An exact transcription of all the data is required, with every image removed.

━━ COLLECTED DATA ━━

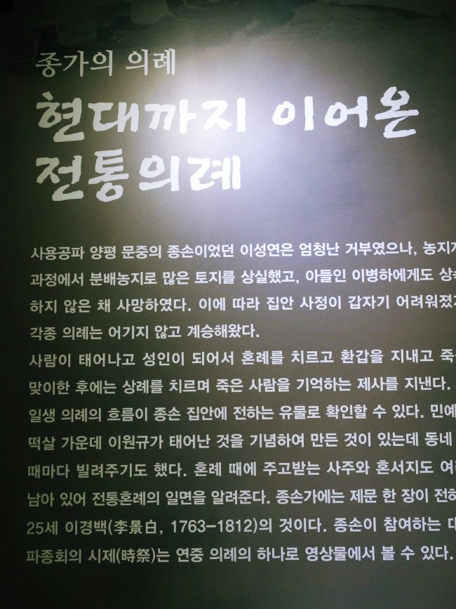 사진. 양평 친환경농업박물관 .원주이씨 특별전
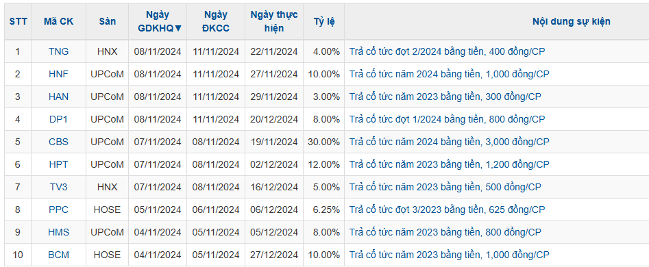 Thống kê trong tuần 4/11– 8/11, có 10 doanh nghiệp thông báo chốt quyền cổ tức bằng tiền mặt trong tuần này, mức cao nhất là 30% và thấp nhất là 3%.
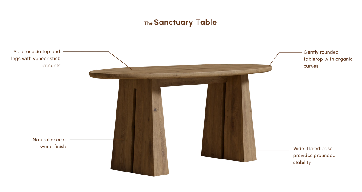 - Solid Acacia top and legs, with a veneer wrapped top for a uniform appearance
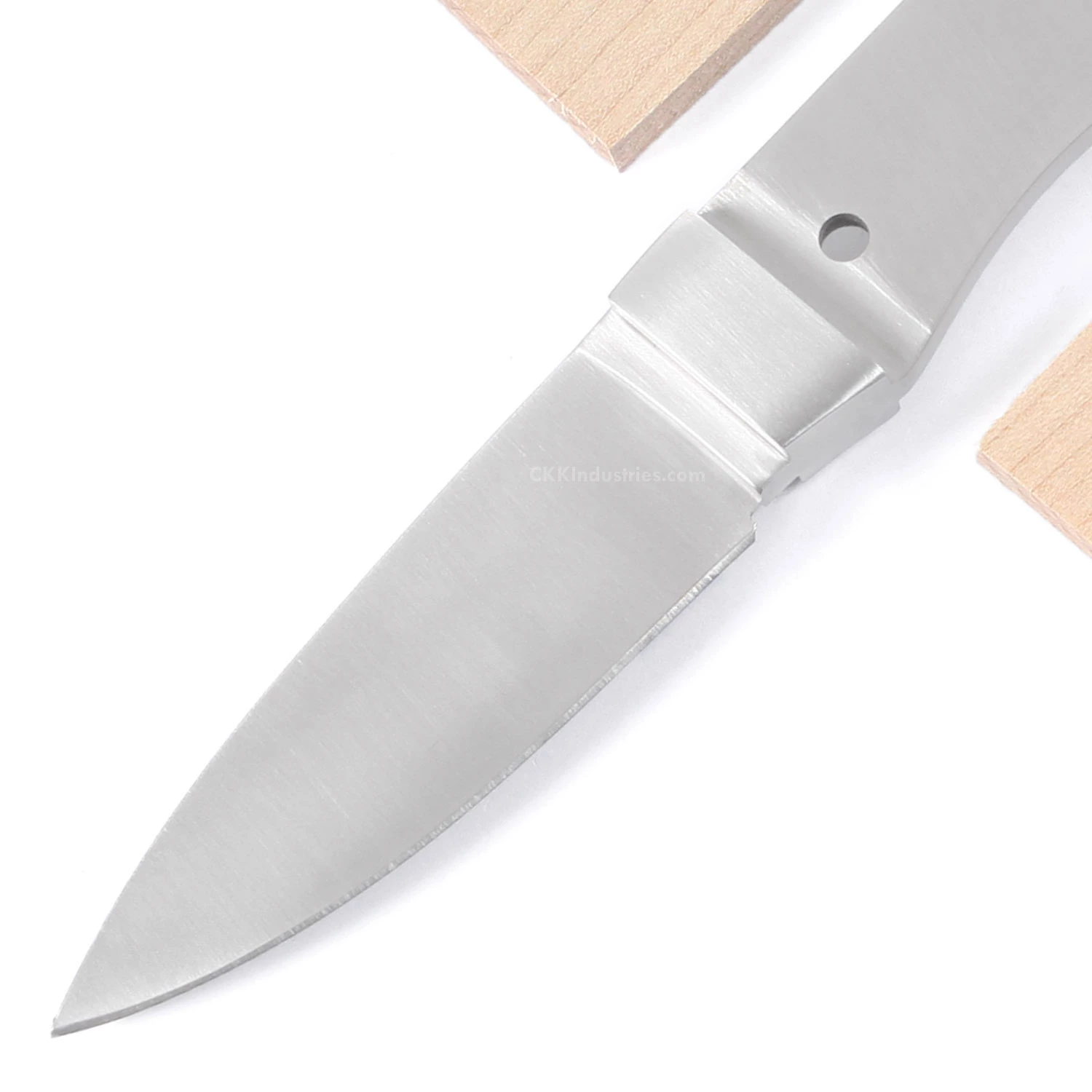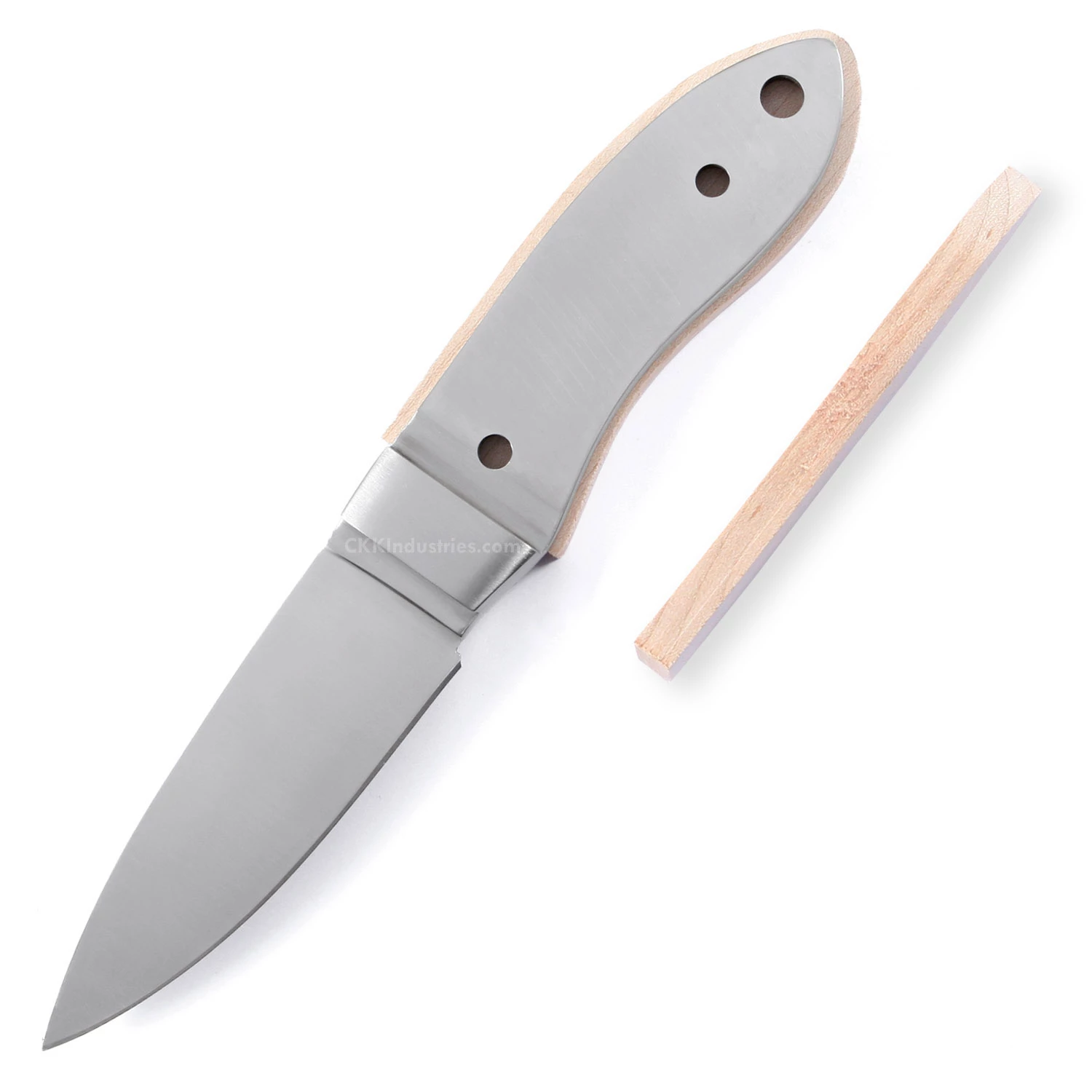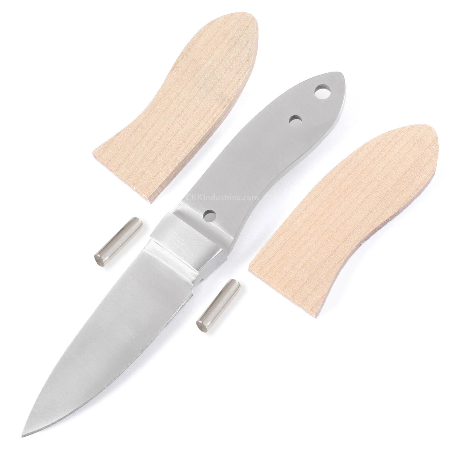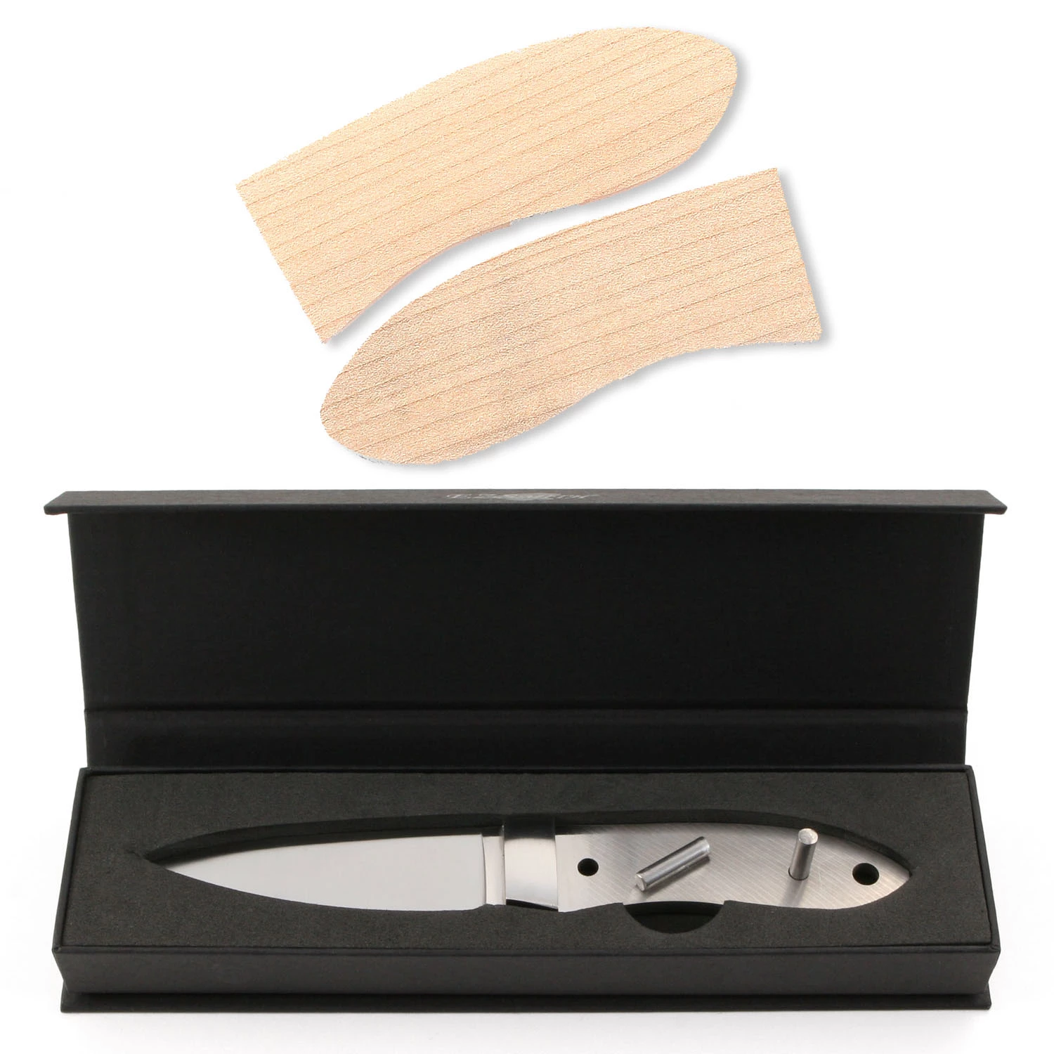 The Boot Shark fixed blade knife kit is a modern “boot knife inspired” combination design. It will work well as a skinning knife, with an upscale handle, or as a classic boot knife, with a tactical handle treatment. The Boot Shark knife is 7.50 inches in overall length with a 2.625 inch blade. The blade thickness is .175 inches. This skinning boot knife kit design feels great in the hand. The dual stainless bolsters are already pre-attached, helping to simplify the building process. The blade on the Boot Shark is made from AUS8 stainless steel and is flat-ground. This knife kit design features (2) .200 inch handle holes for handle attachment (stainless steel pins included) and (1) .250 inch thong hole for optional placement (thong hole tubing not included). This version is the combo kit. It comes with the Boot Shark blade plus pre-machined Curly Maple handle scales and stainless steel pinstock to simplify the completion process. This is a great project blade for a weekend knife making session. Spend some time with this knife kit and enjoy the fun of knife making and customization.

━━━

→ OUTPUT FOR THIS EXERCISE
 사진. 양평 친환경농업박물관 .원주이씨 특별전
 Thống kê trong tuần 4/11– 8/11, có 10 doanh nghiệp thông báo chốt quyền cổ tức bằng tiền mặt trong tuần này, mức cao nhất là 30% và thấp nhất là 3%.
 - Solid Acacia top and legs, with a veneer wrapped top for a uniform appearance
 The Boot Shark fixed blade knife kit is a modern “boot knife inspired” combination design. It will work well as a skinning knife, with an upscale handle, or as a classic boot knife, with a tactical handle treatment. The Boot Shark knife is 7.50 inches in overall length with a 2.625 inch blade. The blade thickness is .175 inches. This skinning boot knife kit design feels great in the hand. The dual stainless bolsters are already pre-attached, helping to simplify the building process. The blade on the Boot Shark is made from AUS8 stainless steel and is flat-ground. This knife kit design features (2) .200 inch handle holes for handle attachment (stainless steel pins included) and (1) .250 inch thong hole for optional placement (thong hole tubing not included). This version is the combo kit. It comes with the Boot Shark blade plus pre-machined Curly Maple handle scales and stainless steel pinstock to simplify the completion process. This is a great project blade for a weekend knife making session. Spend some time with this knife kit and enjoy the fun of knife making and customization.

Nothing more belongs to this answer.